→ WHAT THIS TASK INVOLVES: Data follows below. Repeat exactly the lines between the line holding "お花の裏側に大き目のキーリン" and the line holding "July Calendar! June", inclusive, and nothing more; drop pictures.

→ PROVIDED INFORMATION:
== Segment start ==
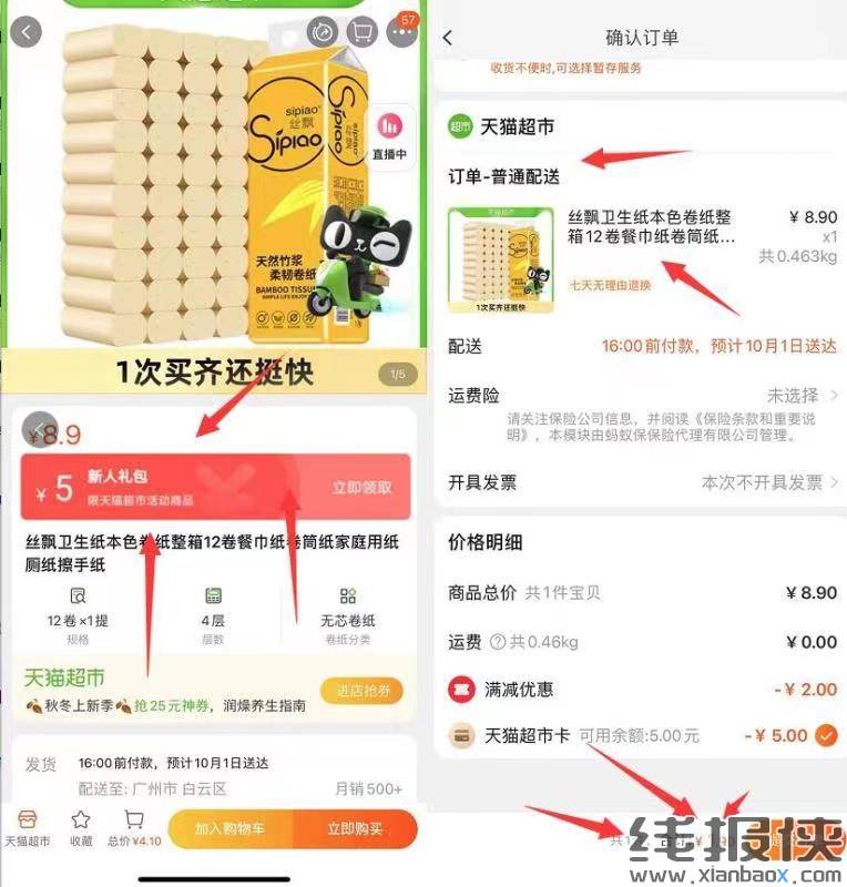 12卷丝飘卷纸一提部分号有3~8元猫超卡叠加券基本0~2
== Segment end ==
== Segment start ==
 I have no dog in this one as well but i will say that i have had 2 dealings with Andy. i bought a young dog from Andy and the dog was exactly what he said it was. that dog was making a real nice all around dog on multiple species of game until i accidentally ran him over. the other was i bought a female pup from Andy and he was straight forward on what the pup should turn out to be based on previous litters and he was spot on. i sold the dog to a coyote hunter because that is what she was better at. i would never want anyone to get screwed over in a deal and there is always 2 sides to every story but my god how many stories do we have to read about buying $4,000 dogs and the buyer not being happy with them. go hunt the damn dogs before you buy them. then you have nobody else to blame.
== Segment end ==
== Segment start ==
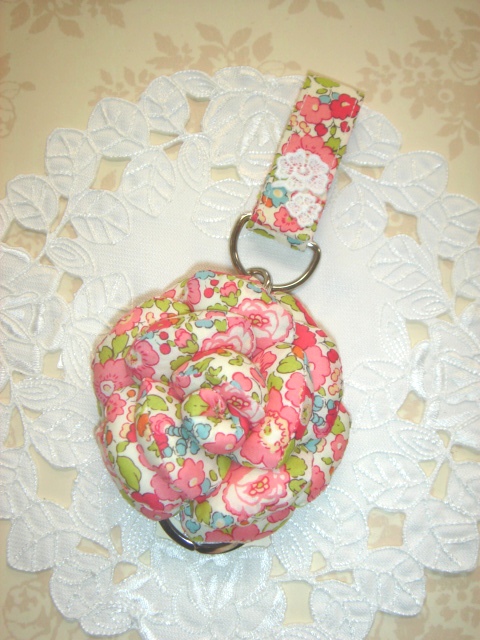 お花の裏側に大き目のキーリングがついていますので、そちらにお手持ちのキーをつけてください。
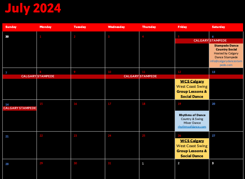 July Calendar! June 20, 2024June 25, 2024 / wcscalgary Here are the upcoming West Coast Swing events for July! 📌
== Segment end ==
→ TASK RESULT:
 お花の裏側に大き目のキーリングがついていますので、そちらにお手持ちのキーをつけてください。
 July Calendar! June 20, 2024June 25, 2024 / wcscalgary Here are the upcoming West Coast Swing events for July! 📌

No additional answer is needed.